Most mainstream economists and farm-state politicians look at the Stiegelmeier experiment as a quirky, barely viable enterprise in an ocean of commodity grain. But agricultural economist Tom Dobbs sees something else. A professor emeritus at South Dakota State University and a Food and Society Policy Fellow, Dobbs is convinced that the Stiegelmeier farm is a model for the future—not because it is idealistic or good for the land, which it is, but because it works on the most remote, improbable farmland in the nation. “We think of the Great Plains as a buffer. In good times, grain production should expand, in bad times contract. But with farm subsidies, instead of buffering, we have created permanent overproduction, and disaster payments just encourage production on marginal lands. What the Stiegelmeiers are doing is an entirely different approach, and they are not alone.”

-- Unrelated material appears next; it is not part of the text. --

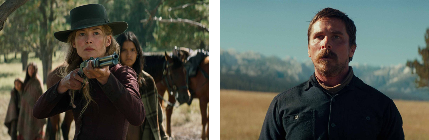 Dans la plus pure tradition du genre, Hostiles propose également un visuel particulièrement somptueux, caractérisé par des décors grandioses qui contrastent joliment avec l’intimité du récit. Des images superbes qui peuvent aussi s’appuyer sur une musique mémorable de Max Richter (The Leftovers), le compositeur allemand signant certainement ici l’une de ses plus belles BO. Si la mise en scène de Scott Cooper s’avère plutôt inspirée et maîtrisée, on regrettera en revanche le didactisme du montage, source de quelques longueurs dans la seconde moitié du récit. Au-delà de ses fabuleuses qualités formelles, le film bouleverse néanmoins principalement par le portrait déchirant de ses personnages. Finement écrits, ceux-ci se font le symbole du changement qui est en train de s’opérer dans le monde (modification des mentalités, avènement de l’industrialisation…). Ils peuvent, en outre, compter sur un casting exemplaire pour les incarner. Christian Bale, tout d’abord, délivre une performance tout en retenue dans la peau de ce soldat dont les convictions ne cessent de s’étioler à mesure qu’il progresse. Rosamund Pike, ensuite, brille par sa détresse touchante et sa fureur exaltante. Enfin, les seconds rôles que sont Wes Studi, Rory Cochrane, Jesse Plemons ou Ben Foster ne dénotent absolument pas, livrant eux aussi une interprétation engagée.

Dobbs’s recognition of the unique character of farming on the Plains is much like the vision offered by John Wesley Powell in his explorations of the region after the Civil War. Powell argued that small family farms could never work on the Plains. The terrain was too harsh. Disasters weren’t freak incidents, they were constant. Rather than trying to force the western lands to accommodate farming practices developed in the deep soils of the Ohio River Valley, Powell advocated organizing lands on the edge of the 100th meridian into cattle farms, supported by diverse crops where the land was suitable, surrounded by large pastures—which is exactly what the Stieg­elmeiers have done. “The farms and ranches along the 100th meridian can be productive,” Dobbs says. “But federal policy should not promote cropping systems that don’t suit the ecosystem.”



For Dobbs, the current Congressional debate that focuses on limiting commodity payments to rich farmers is a distraction. “Of course, close the loopholes. But people will always find new ones. Caps may work for a short time, but people will always find a way to get around them.” What is lost in the caps debate, says Dobbs, is the opportunity to shift the entire paradigm of federal farm policy from subsidies and price supports to conservation, stewardship, and support for innovators like the Stie­gel­meiers.

He and others call the new approach “multi­functionality.” It is an idea that has been hidden and underfunded in different titles and sections of federal farm policy for more than a decade but has never been promoted as a unifying principle. Most farmers, including Matthew Stiegelmeier, have never heard of it.

Under current federal policy, farmers receive “direct payments” each year, no matter what crops they grow or how they grow them. A multifunctional approach would build on and rechannel those payments, along with other crop-support subsidies, toward sustainable social and conservation goals. “Instead of tying pay­ments to crops and yields, we should tie them to the services that farmers provide for the public.” In the past, “public services” has meant cheap food at the supermarket, but Dobbs believes it is time to rethink the whole idea. “Pay farmers to reduce synthetic fertilizers and pesticides. Pay them to enhance wildlife, diversify their crops, build soil, and restore wetlands. Pay them to develop local mar­kets for their products, especially fresh food.”

Dobbs is skeptical about the ethanol boom. “I just don’t think it is an economically viable approach to our energy problems.” And he is suspicious as well of the long-term impact of converting thousands of acres of marginal land to the production of energy crops. “We may end up undoing decades of good conservation work if farmers are encouraged to take land out of uses that enhance conservation and put it into ethanol crops.” But in theory, he believes that using farms to support wind, solar, and other alternative-energy programs is well within the framework of multifunctionality. Those are the carrots.